**What is required**:
Restate the listing word for word. Stop at the line that holds "14k Solid Gold", include it, and leave out all pictures.

^^^^

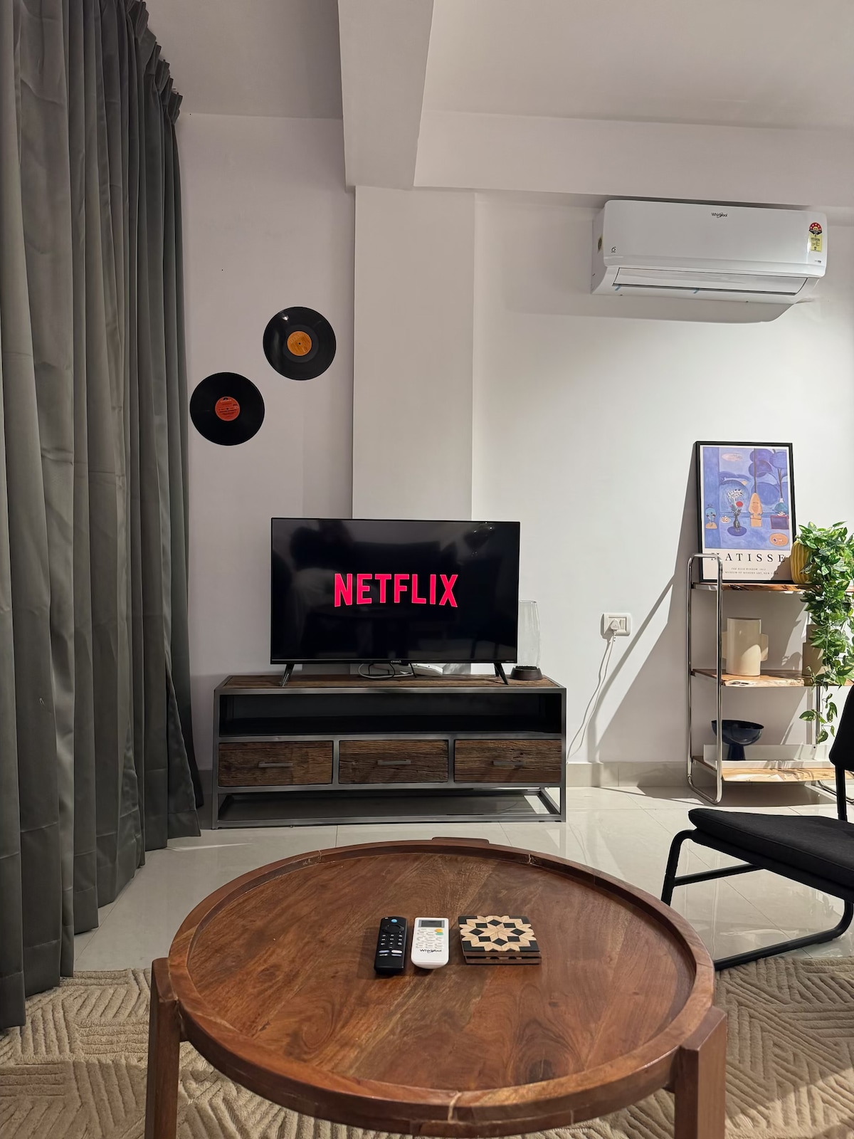 Zažij pohodlí a styl v útočišti navrženém pro práci i relaxaci. Odpočiňte si na ortopedické matraci Wakefit a užijte si teplé ambientní osvětlení. Zachovej si produktivitu díky ergonomickému pracovnímu prostoru a odpočiň si u dvou 42palcových televizorů. Připojená koupelna nabízí prémiové toaletní potřeby a osvětlené zrcadlo. Vař bez námahy v plně vybavené kuchyni. Odpočiň si na pohovce v prostoru, kde se dokonale mísí klid, produktivita a životní styl.
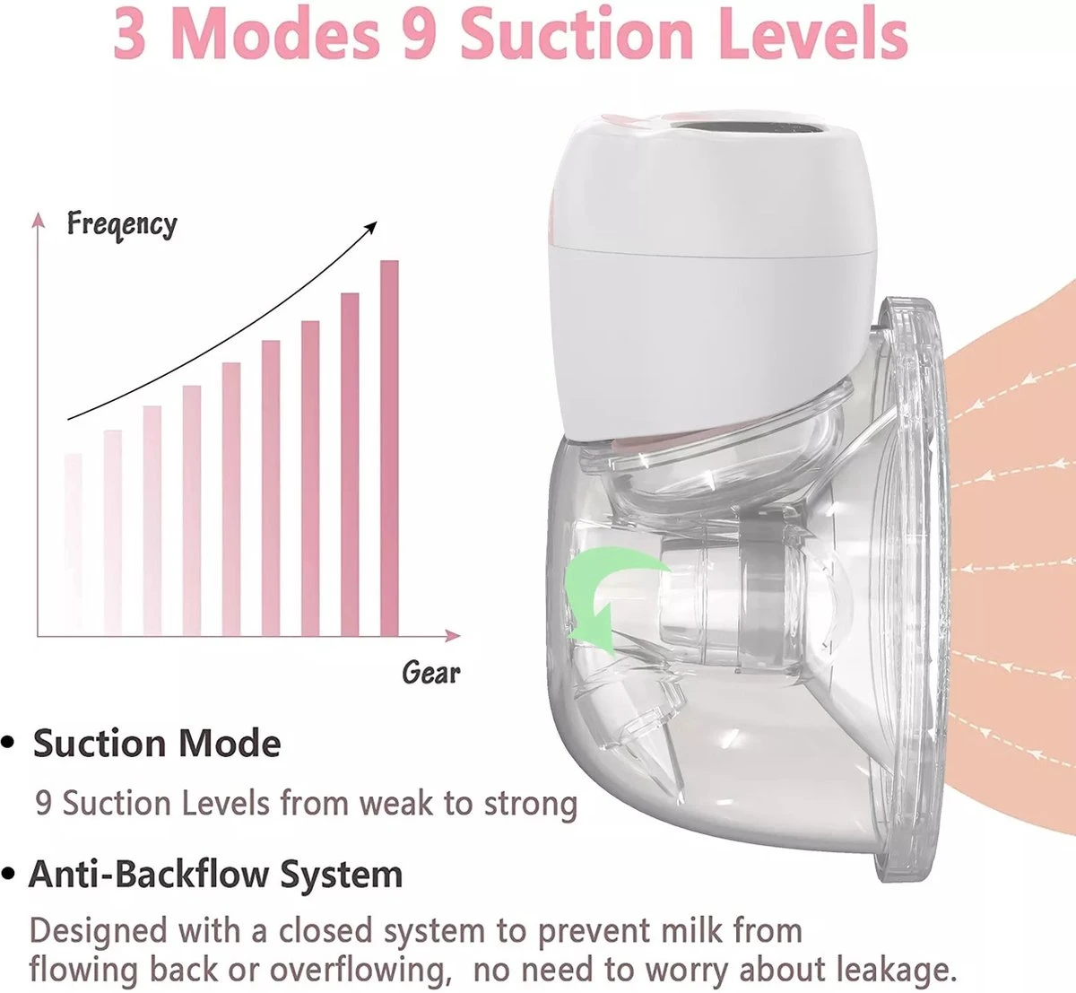 Borstkolf mode: De kolfstand is de meest effectieve manier om moedermelk uit de borst te halen. Door de regelmatige kolfbewegingen komt via deze modus de meeste moedermelk uit de borst. In de borstkolfstand is het ook de handigste manier om moedermelk in het membraan over te brengen.
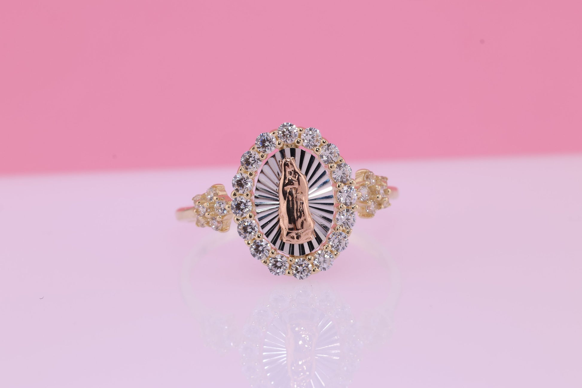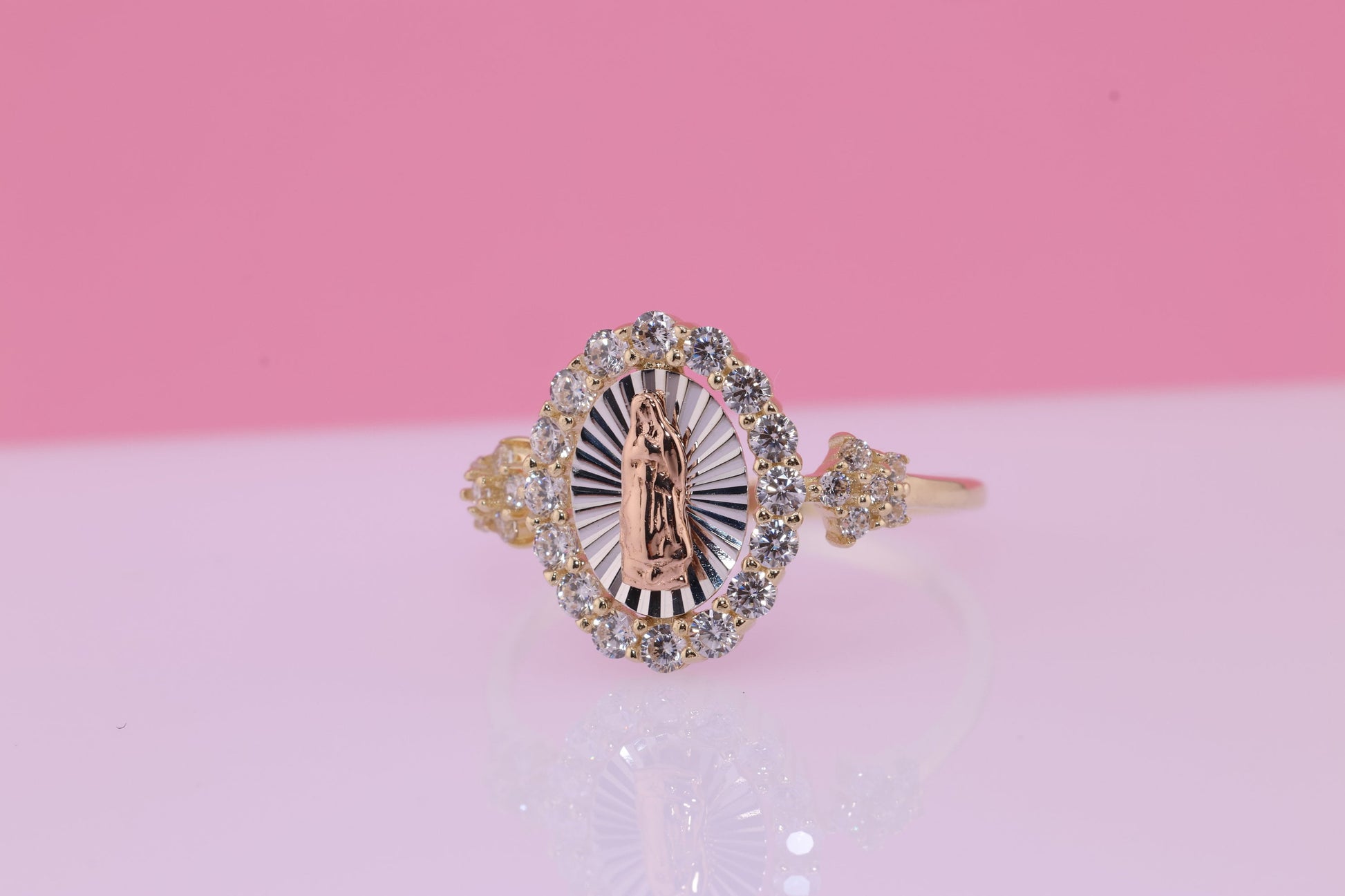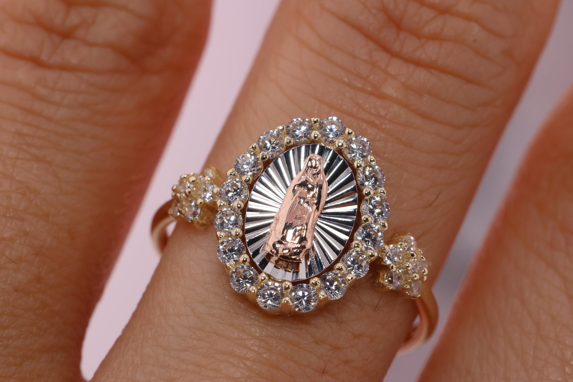 14k Solid Gold Virgin Mary Virgen Maria Lady Guadalupe Ring D
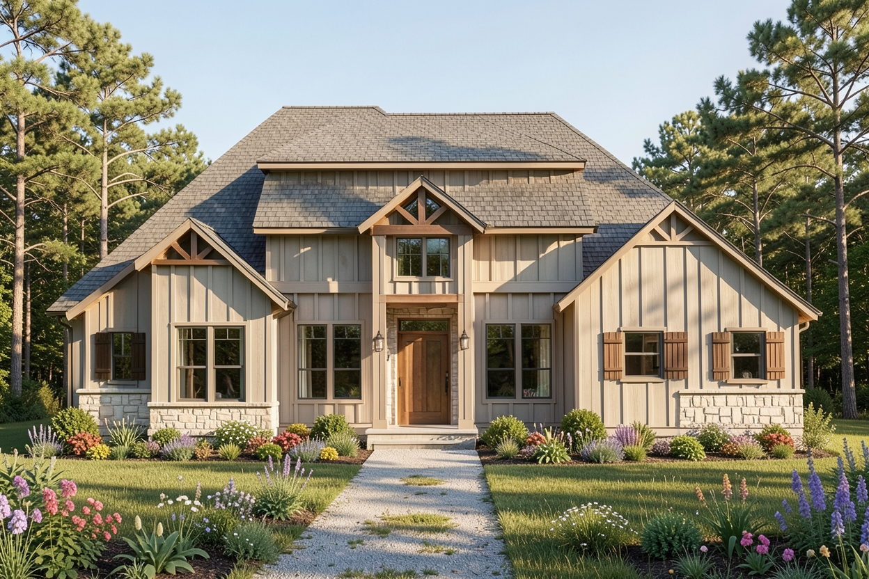 you are a professional image renderer you create the highest grade renderings around and specialize in architectural renderings this is the front elevation of a house create a high resolution photorealistic image of this structure keep the windows as they are where they are keep the doors as they are where they are keep the main structure as it is where it is feel free to change the perspective keep the roofline as it is where is it do not add anything to the structure that i have not asked for the siding is vertical board and batten the stone will be a lighter stone that coordinates with the siding color the background will be a wooded background similar to texas it should be early afternoon with a bright sunny day clear skies the landscaping should be late spring with plenty of color and should be that of a luxury estate
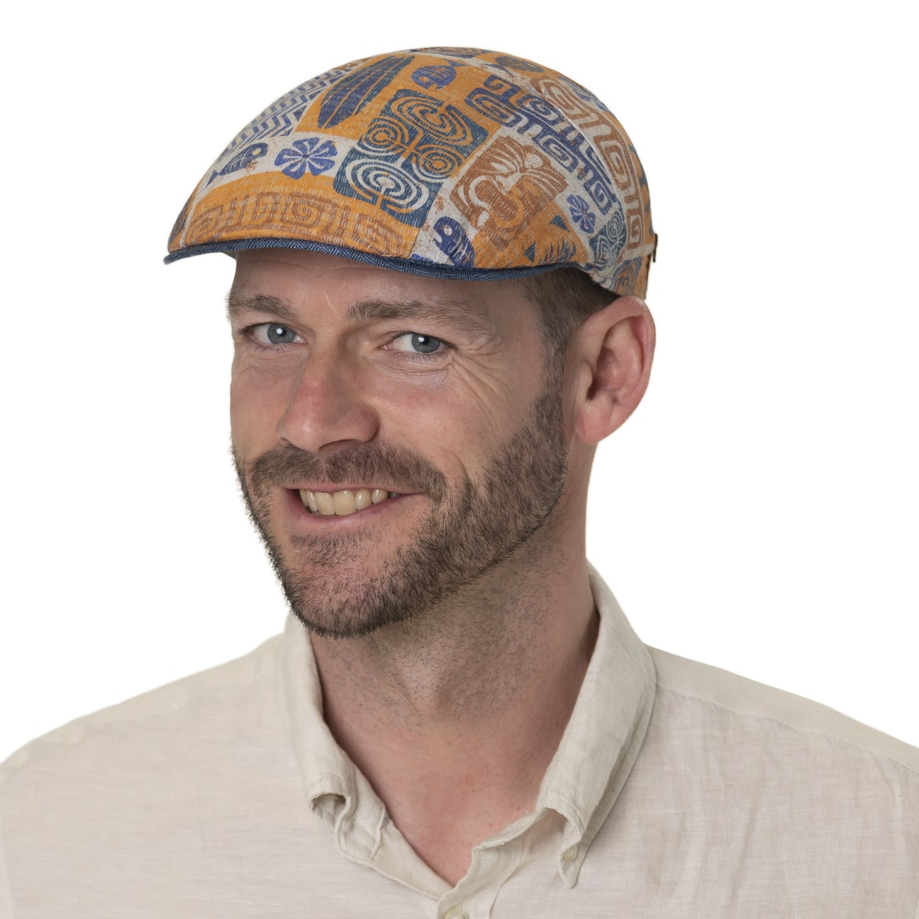 This flat cap from Alfonso D’Este expresses its summer joy both in terms of its quality and looks. Linen with a pleasant handle provides cooling heat and moisture exchange, while a cotton lining ensures good moisture absorption. The head feels comfortable beneath the handmade cap, which is fashionably adorned with a cheerful, casual coloured pattern above the plain-coloured peak.
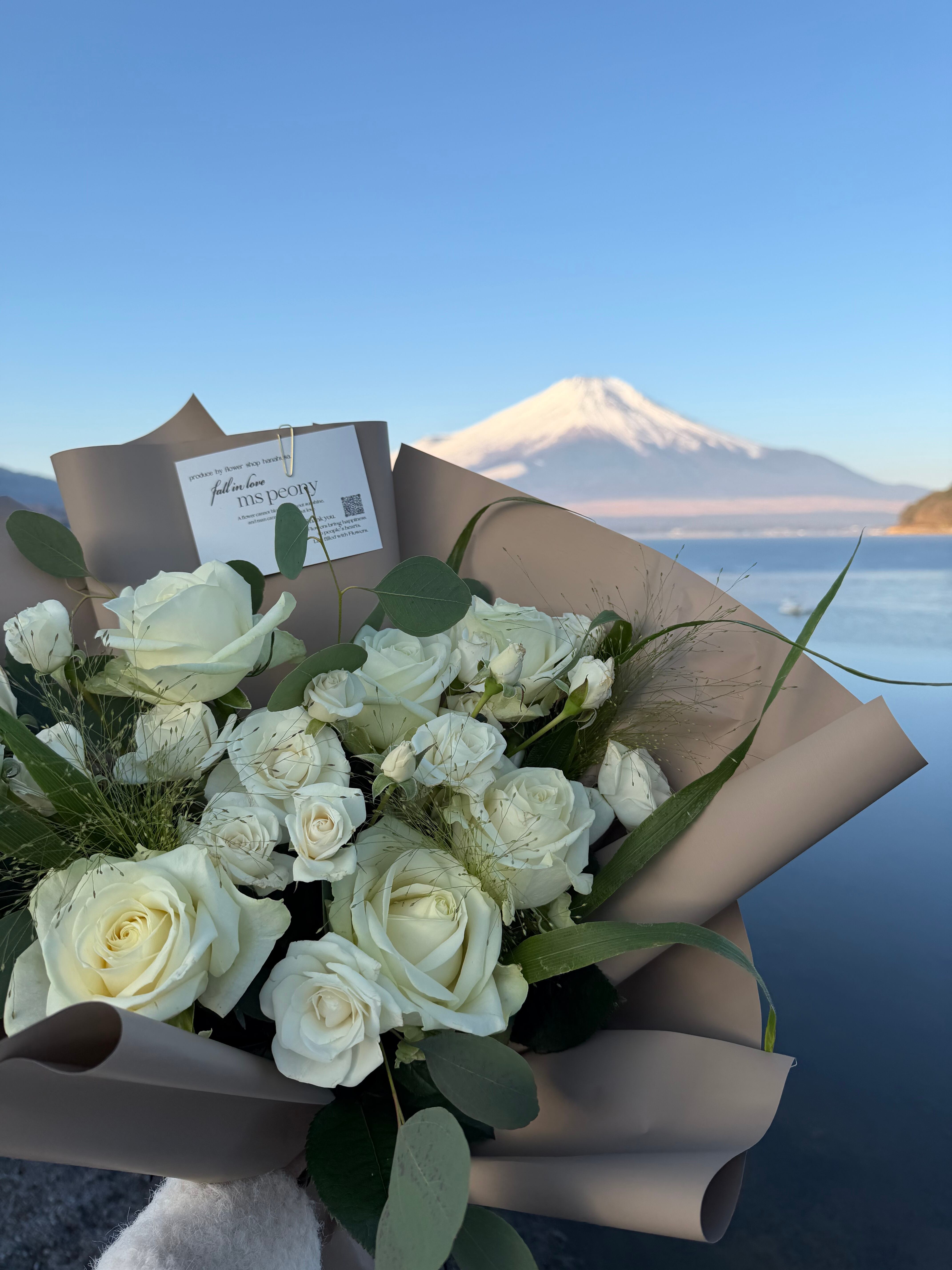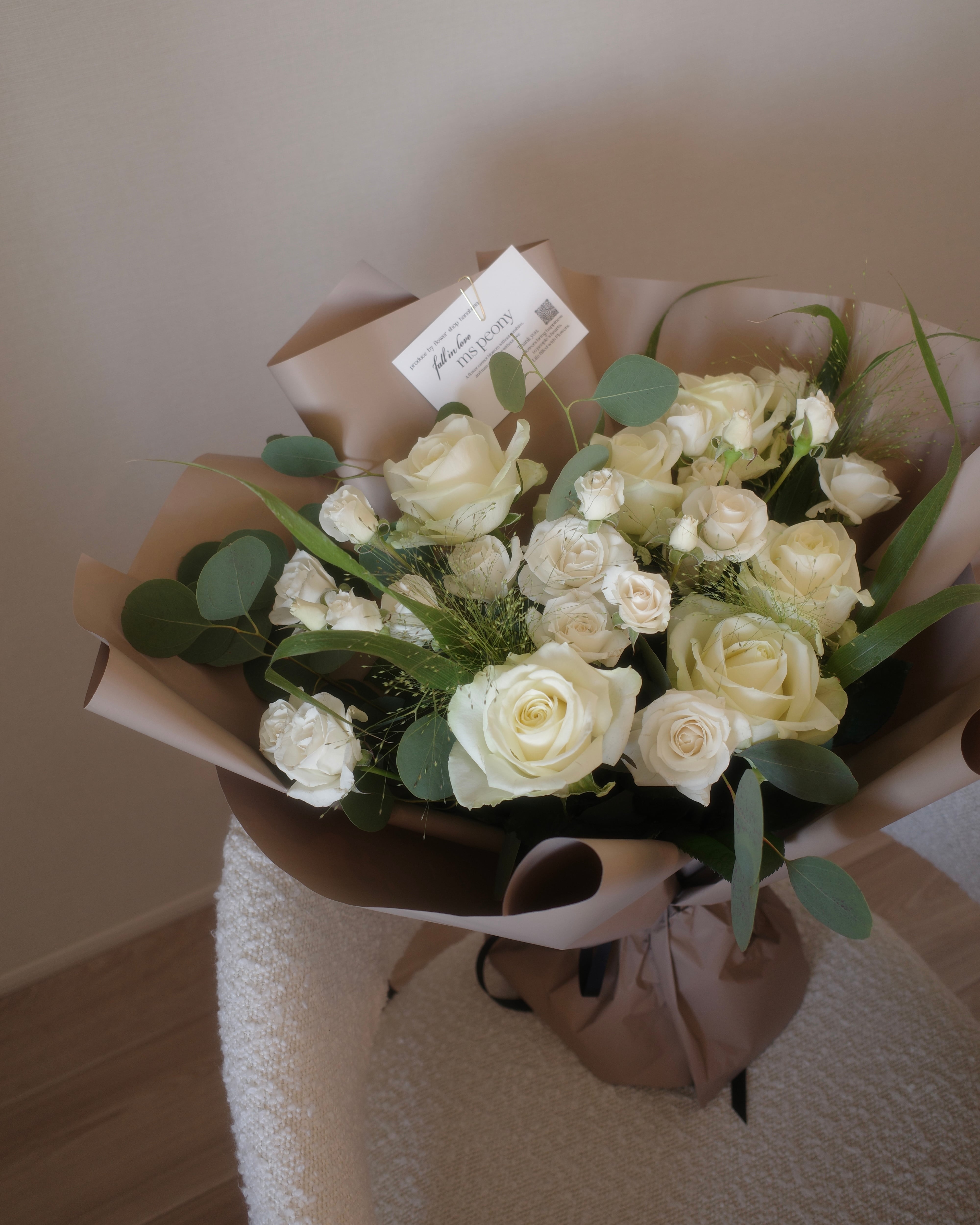 生花に特化したMs Peonyだからこそご用意できるバラとユーカリが盛りだくさんで

^^^^

**Task result**:
 Zažij pohodlí a styl v útočišti navrženém pro práci i relaxaci. Odpočiňte si na ortopedické matraci Wakefit a užijte si teplé ambientní osvětlení. Zachovej si produktivitu díky ergonomickému pracovnímu prostoru a odpočiň si u dvou 42palcových televizorů. Připojená koupelna nabízí prémiové toaletní potřeby a osvětlené zrcadlo. Vař bez námahy v plně vybavené kuchyni. Odpočiň si na pohovce v prostoru, kde se dokonale mísí klid, produktivita a životní styl.
 Borstkolf mode: De kolfstand is de meest effectieve manier om moedermelk uit de borst te halen. Door de regelmatige kolfbewegingen komt via deze modus de meeste moedermelk uit de borst. In de borstkolfstand is het ook de handigste manier om moedermelk in het membraan over te brengen.
 14k Solid Gold Virgin Mary Virgen Maria Lady Guadalupe Ring D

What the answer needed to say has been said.